他站起来,走到地图前面,看了看沪城的位置,又看了看林天佑画的那张工业分布图。
“你这个想法……很大胆。”
“第二个理由。”林天佑说。
首长转过头看他。
“我家在沪城。”
这句话说出来的时候,林天佑的语气和前面完全不同。
前面说工业布局的时候,他的声音冷静、有条理,像在做技术汇报。
这句话,带着感情。
“我……”林天佑顿了一下,“我的父亲,在沪城拉黄包车。他一年到头不吃不喝,攒不下几块钱。家里还有母亲和两个哥哥、一个弟弟、一个妹妹。他们现在过什么日子,我不知道。”
他停了一下。
“我在鹰酱国差点饿死的时候,是朋友救的我。但我父亲和家人……”
他没有说下去。
首长看着他。
好一会儿。
“你既想报效国家,也想照顾家人。”
“对。”林天佑没有回避。
“于国需尽忠,于家需尽责。这两件事,去沪城,我都能做到。”
首长沉默了很久。
他走回桌边,坐下来,双手交叉在桌面上。
“小林,我再问你一遍。你确定要去沪城?”
“确定。”
“沪城刚解放不久。残余势力还在活动,社会秩序还不稳定。你去了那儿,安全方面……”
“我不怕。”
“我知道你不怕。但你不只是一个人。你脑子里装的东西,值多少个师,你自己心里有数。你出了事,不是你一个人的损失。是国家的损失。”
林天佑没有反驳。
因为首长说的是对的。
他换了个角度。
“首长,正因为我脑子里的东西值钱,我才更应该去沪城。知识放在脑子里不变成实物,就是零。燕京的实验室再好,没有工厂配套,图纸画得再漂亮也造不出枪。”

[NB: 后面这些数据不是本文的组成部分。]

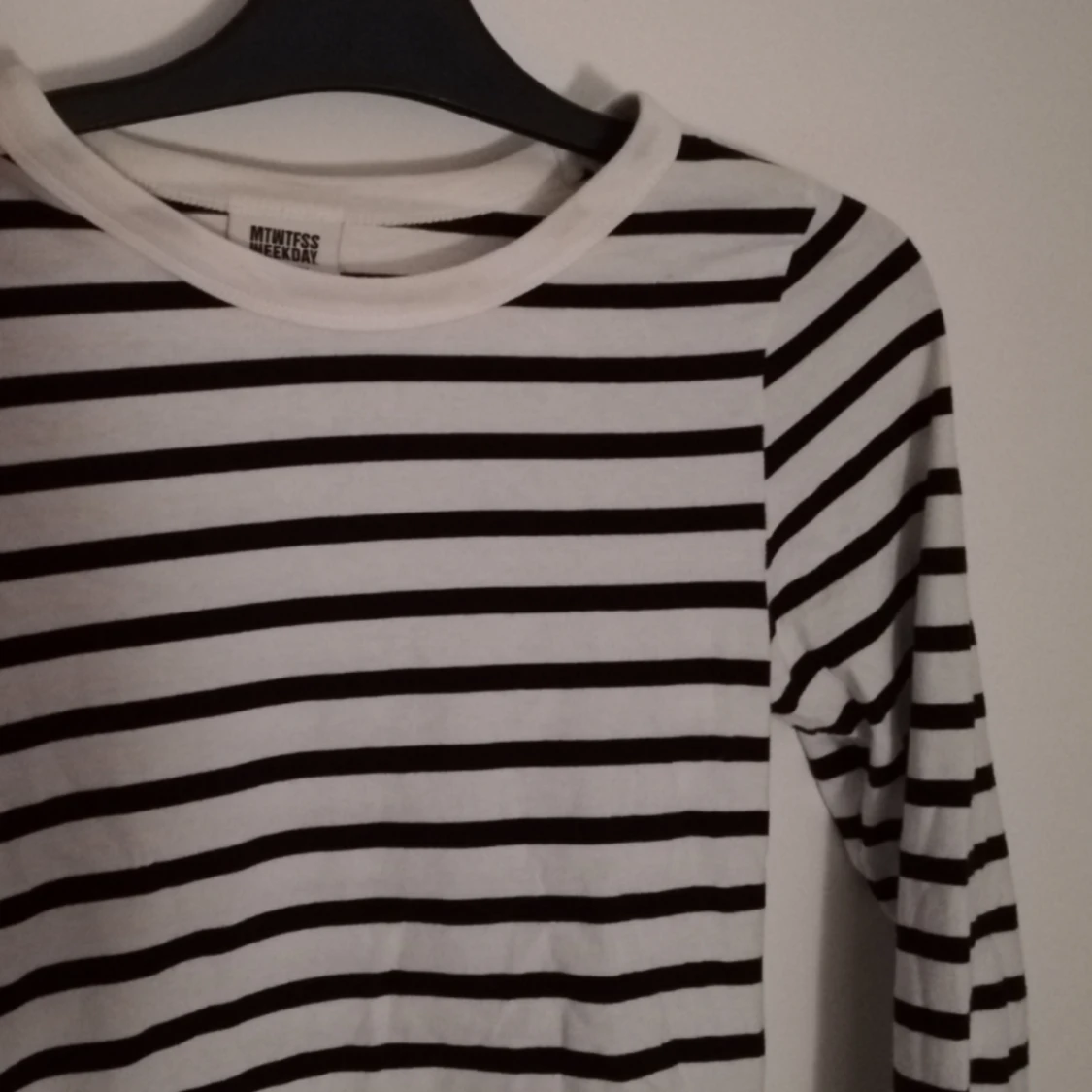 Supergo långärmad svartvit tröja från Weekday! Köpt här på Plick, men säljer vidare då den tyvärr inte passade mig! Frakten ingår i priset ✨
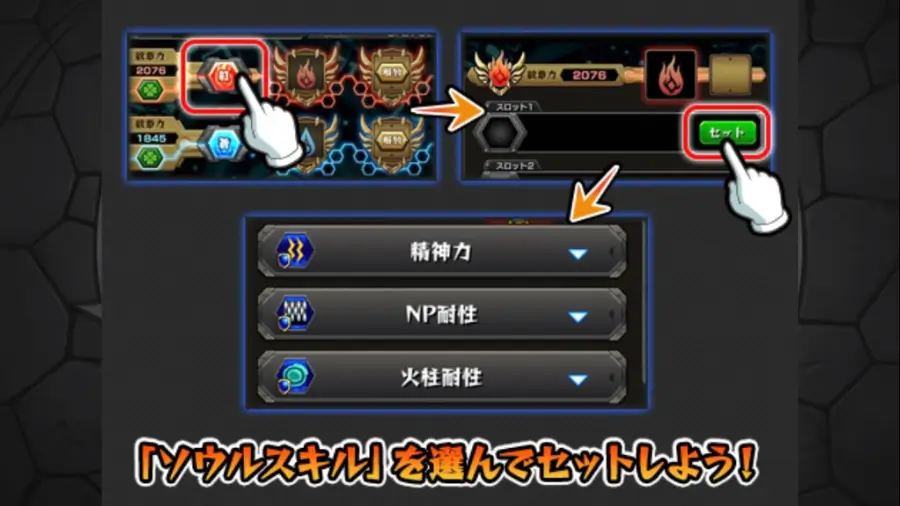 魂気があっても紋章力が低かった場合、紋章力が高くても魂気がない場合は、ソウルスキルをセットできません。

“沪城有工厂,有工人,有原材料的供应渠道。我去了,半年之内就能出成果。留在燕京,一年也未必能等到实验室建好。如果国家需要我,后期我可以从沪城去东北,回燕京。”
首长看着他。
“你说半年出成果,能具体说说吗?”
“我计划设计一款中间威力弹药的突击步枪。”
“主要参数:口径七点六二毫米,有效射程四百米,三十发弹匣供弹,可实现单发和连发切换。”
“全枪重量控制在三点五公斤以内。”
“零部件数量压缩到一百个以下,便于大规模生产和战场维修。”
首长听得愈发专注。
他是老兵出身,打了半辈子仗,对武器的性能好坏有直观的判断。
“三十发弹匣?单连发切换?”他追问了一句,“你确定以目前的工业水平能做到?”
“能。”林天佑的回答没有犹豫。
“关键在于简化设计。这把枪的设计原则不是追求性能极致,而是追求可制造性。每一个零件都要能用现有的低精度设备加工。结构越简单,产量越高,成本越低。”
“我在沪城的计划分三步。第一个月,摸底。把所有能用的工厂和工人全部摸排一遍,搞清楚有什么设备、什么材料、什么人。第二到第四个月,试制。用我带回来的那台镗床加上改造后的民用设备,手搓第一批样枪。第五到第六个月,定型量产。解决工艺问题,建立标准化生产线,实现批量产出。”
“半年就能完成。”
林天佑说完了,他没有说的是,他放弃东北和燕京,坚持去沪城,是为了阻止“二·六”轰炸。
这才是他真正的目的。
首长靠在椅背上,一只手撑着下巴。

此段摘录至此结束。